We are on the lookout for a highly skilled and motivated AWS Data Engineer to join our dynamic team. In this role, you will play a critical part in designing, building, and maintaining scalable data pipelines, real-time streaming applications, and robust data products in a cloud-based environment. You will work alongside a collaborative team to deliver cutting-edge data solutions that drive meaningful business outcomes.
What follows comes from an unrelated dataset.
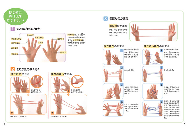 本書は、あやとりひもの選び方から解説し、とり方は多くの写真で解説していますので、はじめての方にもおすすめ。漢字にはすべてルビ(読みがな)がふっているので、子どもでも大丈夫です。

This role demands a strong technical background, problem-solving expertise, and excellent teamwork abilities.
Key Responsibilities
Data Pipeline Development
- Design, develop, and maintain highly scalable and reliable data pipelines using tools like Spark and Kafka or similar platforms.
- Build and optimize data engineering pipelines for both batch and streaming processes in production environments.
Cloud Integration
- Develop and deploy data pipelines and products in AWS cloud or hybrid cloud infrastructures.
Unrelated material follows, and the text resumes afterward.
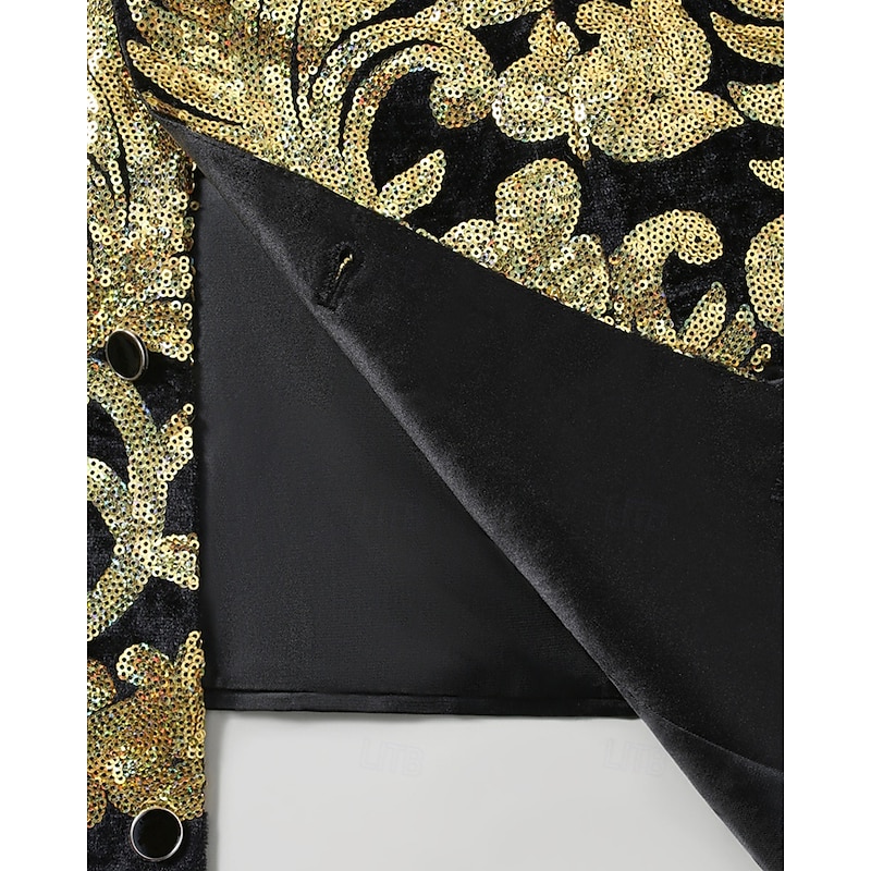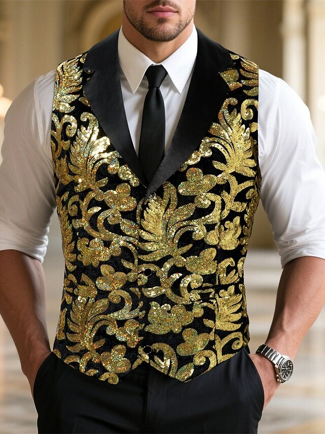 More information about Men's Vest Waistcoat Gilet Vacation Party Business Fashion Casual Spring Fall Pocket Buttons Sequin Polyester Comfortable Flocking Single Breasted One-button Peaked Lapel Regular Fit Gold Vest

- Leverage AWS services such as EKS, CloudFormation, and AWS-Apps to build efficient, cost-effective solutions.
Team Collaboration
- Work collaboratively in a team of at least 5 engineers, adhering to agile methodologies, version control systems, and best coding practices.
- Actively participate in brainstorming sessions, code reviews, and peer programming exercises.
ETL Development
Data Processing Expertise
- Demonstrate proficiency in streaming and batch processing patterns, ensuring the ability to handle complex data scenarios.
- Maintain expertise in modern data access patterns, balancing between traditional RDBMS systems and distributed systems.
Continuous Improvement
- Implement CI/CD pipelines for streamlined deployments using tools like GitHub Actions, Jenkins, or equivalent.
- Perform thorough code reviews, manage version control, and contribute to enhancing the overall engineering process.
Required Qualifications
Technical Proficiency
- Hands-on experience with Spark, Kafka, Airflow 2.0, PySpark, and Python.
- Expertise in building data pipelines on AWS, with a proven record of deploying in production environments.
- Strong skills in at least one programming language, such as Java, Spark, or Python, with working knowledge of additional languages.
- Familiarity with modern data access patterns in both RDBMS and distributed systems.
- Project Delivery. Demonstrated ability to design and deliver projects using at least one data processing pattern (stream or batch).
- CI/CD Practices. Knowledge of continuous integration and deployment methodologies, with experience in tools like GitHub Actions or Jenkins.
Skills and Competencies
- Analytical Thinking. Strong analytical and problem-solving skills to tackle complex data challenges.
- Teamwork. Excellent communication and collaboration skills to thrive in a team-based environment.
- Adaptability. A proactive and self-driven approach to learning and adapting to evolving technologies.
- Quality Focus. Commitment to delivering high-quality, reliable, and efficient data solutions.
Preferred Experience
- Years of Experience. 6-8 years in the field of data engineering.
- Primary Skills. Expertise in Data Engineering tools and techniques.
- Additional Skills. Proficiency in AWS-EKS, CloudFormation, Apache Hive, SQL, and other relevant technologies.
About Infogain
Infogain is a leading human-centered digital platform and software engineering company headquartered in Silicon Valley. We specialize in engineering business outcomes for Fortune 500 companies and digital-native organizations across industries such as technology, healthcare, insurance, travel, telecom, and retail & CPG. Leveraging cutting-edge technologies, including cloud, microservices, automation, IoT, and AI, we accelerate experience-led transformations for our clients.